** SUPPLIED MATERIAL **
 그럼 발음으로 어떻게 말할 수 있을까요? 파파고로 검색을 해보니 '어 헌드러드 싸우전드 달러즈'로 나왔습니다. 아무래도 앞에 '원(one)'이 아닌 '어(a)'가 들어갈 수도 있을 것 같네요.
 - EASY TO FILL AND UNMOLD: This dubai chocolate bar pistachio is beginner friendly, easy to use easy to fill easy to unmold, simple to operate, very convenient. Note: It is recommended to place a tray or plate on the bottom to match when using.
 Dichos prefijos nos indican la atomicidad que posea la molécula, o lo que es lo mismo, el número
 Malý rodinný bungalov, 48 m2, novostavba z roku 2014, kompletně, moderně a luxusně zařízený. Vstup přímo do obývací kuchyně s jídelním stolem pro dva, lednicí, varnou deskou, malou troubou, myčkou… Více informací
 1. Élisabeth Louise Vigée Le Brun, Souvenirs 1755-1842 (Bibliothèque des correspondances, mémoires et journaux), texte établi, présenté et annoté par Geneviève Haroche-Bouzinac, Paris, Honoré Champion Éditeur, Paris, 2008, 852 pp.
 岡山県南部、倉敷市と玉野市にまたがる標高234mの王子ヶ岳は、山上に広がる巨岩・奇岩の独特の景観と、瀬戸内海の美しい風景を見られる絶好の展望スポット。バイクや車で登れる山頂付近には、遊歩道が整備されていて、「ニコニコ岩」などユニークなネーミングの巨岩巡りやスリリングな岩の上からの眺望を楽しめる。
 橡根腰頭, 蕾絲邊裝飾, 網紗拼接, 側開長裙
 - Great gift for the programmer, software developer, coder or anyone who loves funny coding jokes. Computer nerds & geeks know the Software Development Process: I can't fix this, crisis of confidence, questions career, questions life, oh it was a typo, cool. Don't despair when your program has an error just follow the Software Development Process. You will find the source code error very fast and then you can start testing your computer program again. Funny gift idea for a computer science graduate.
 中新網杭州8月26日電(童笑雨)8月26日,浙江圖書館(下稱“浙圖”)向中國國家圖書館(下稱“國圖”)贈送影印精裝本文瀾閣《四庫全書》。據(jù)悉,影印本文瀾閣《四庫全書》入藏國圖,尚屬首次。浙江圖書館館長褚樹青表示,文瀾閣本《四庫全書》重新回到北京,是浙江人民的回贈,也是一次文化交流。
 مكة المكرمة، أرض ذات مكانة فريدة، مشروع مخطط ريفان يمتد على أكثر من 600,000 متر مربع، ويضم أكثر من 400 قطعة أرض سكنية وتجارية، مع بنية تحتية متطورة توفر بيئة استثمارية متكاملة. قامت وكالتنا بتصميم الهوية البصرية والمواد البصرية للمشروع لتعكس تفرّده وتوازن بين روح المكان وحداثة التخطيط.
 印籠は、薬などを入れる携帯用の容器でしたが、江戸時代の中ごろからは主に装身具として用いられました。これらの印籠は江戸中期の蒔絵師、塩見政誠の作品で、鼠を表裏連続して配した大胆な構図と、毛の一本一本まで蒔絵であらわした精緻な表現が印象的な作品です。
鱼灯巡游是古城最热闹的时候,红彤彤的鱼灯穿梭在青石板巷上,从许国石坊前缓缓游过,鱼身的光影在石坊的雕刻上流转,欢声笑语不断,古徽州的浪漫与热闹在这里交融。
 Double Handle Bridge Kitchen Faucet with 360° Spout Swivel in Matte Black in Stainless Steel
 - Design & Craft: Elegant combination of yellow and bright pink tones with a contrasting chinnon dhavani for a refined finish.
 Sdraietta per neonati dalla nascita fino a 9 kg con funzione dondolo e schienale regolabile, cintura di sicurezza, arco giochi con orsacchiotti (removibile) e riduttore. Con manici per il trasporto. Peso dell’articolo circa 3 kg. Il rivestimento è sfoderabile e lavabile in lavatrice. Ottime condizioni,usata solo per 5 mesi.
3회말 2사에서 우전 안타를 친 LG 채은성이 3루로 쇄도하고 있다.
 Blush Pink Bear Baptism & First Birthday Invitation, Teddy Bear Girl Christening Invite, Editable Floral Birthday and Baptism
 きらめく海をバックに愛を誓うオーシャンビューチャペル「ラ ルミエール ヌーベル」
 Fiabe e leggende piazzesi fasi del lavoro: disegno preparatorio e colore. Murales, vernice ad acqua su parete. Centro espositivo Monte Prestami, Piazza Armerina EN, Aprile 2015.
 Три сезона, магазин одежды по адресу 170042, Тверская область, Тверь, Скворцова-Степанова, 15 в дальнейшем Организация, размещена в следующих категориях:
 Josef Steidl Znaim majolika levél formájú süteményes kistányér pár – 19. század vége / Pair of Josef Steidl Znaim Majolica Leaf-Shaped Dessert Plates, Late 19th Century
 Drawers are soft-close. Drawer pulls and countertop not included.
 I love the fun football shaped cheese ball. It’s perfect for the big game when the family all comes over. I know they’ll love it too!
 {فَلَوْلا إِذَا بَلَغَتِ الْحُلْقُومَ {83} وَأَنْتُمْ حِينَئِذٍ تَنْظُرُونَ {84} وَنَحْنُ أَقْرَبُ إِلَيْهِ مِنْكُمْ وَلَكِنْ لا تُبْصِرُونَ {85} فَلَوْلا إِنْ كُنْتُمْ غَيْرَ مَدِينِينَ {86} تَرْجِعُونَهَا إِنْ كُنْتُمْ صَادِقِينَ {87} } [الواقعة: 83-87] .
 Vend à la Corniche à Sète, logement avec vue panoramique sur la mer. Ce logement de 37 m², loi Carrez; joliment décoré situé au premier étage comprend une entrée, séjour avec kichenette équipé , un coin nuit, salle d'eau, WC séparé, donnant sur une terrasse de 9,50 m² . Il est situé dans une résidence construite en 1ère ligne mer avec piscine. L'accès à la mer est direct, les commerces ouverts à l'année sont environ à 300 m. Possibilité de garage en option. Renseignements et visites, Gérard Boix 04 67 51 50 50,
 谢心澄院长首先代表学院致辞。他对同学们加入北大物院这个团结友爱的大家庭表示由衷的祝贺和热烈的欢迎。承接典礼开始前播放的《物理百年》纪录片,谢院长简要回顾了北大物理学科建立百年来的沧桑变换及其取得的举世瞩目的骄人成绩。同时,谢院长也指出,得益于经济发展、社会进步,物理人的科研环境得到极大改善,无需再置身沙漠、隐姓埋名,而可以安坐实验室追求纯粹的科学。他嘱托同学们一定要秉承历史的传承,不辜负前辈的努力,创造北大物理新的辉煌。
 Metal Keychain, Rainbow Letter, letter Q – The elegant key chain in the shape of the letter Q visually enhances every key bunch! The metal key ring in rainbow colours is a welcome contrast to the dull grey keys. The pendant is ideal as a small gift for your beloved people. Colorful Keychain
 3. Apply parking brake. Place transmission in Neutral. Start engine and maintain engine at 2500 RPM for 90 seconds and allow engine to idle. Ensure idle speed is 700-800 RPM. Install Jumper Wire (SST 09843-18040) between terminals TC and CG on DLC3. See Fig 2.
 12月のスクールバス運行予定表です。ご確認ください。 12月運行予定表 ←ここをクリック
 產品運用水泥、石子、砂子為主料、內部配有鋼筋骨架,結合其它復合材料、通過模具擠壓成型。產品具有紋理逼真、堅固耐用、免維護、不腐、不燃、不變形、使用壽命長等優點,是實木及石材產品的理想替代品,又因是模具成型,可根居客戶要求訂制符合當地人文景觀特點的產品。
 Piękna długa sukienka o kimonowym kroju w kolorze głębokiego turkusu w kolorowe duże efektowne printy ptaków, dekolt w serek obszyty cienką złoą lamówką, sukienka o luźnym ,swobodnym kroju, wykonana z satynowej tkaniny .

** WHAT IS NEEDED **
Give back the lines of the data exactly as they are written, from the first line through the line containing "Malý rodinný bungalov, 48".

** FINAL ANSWER **
 그럼 발음으로 어떻게 말할 수 있을까요? 파파고로 검색을 해보니 '어 헌드러드 싸우전드 달러즈'로 나왔습니다. 아무래도 앞에 '원(one)'이 아닌 '어(a)'가 들어갈 수도 있을 것 같네요.
 - EASY TO FILL AND UNMOLD: This dubai chocolate bar pistachio is beginner friendly, easy to use easy to fill easy to unmold, simple to operate, very convenient. Note: It is recommended to place a tray or plate on the bottom to match when using.
 Dichos prefijos nos indican la atomicidad que posea la molécula, o lo que es lo mismo, el número
 Malý rodinný bungalov, 48 m2, novostavba z roku 2014, kompletně, moderně a luxusně zařízený. Vstup přímo do obývací kuchyně s jídelním stolem pro dva, lednicí, varnou deskou, malou troubou, myčkou… Více informací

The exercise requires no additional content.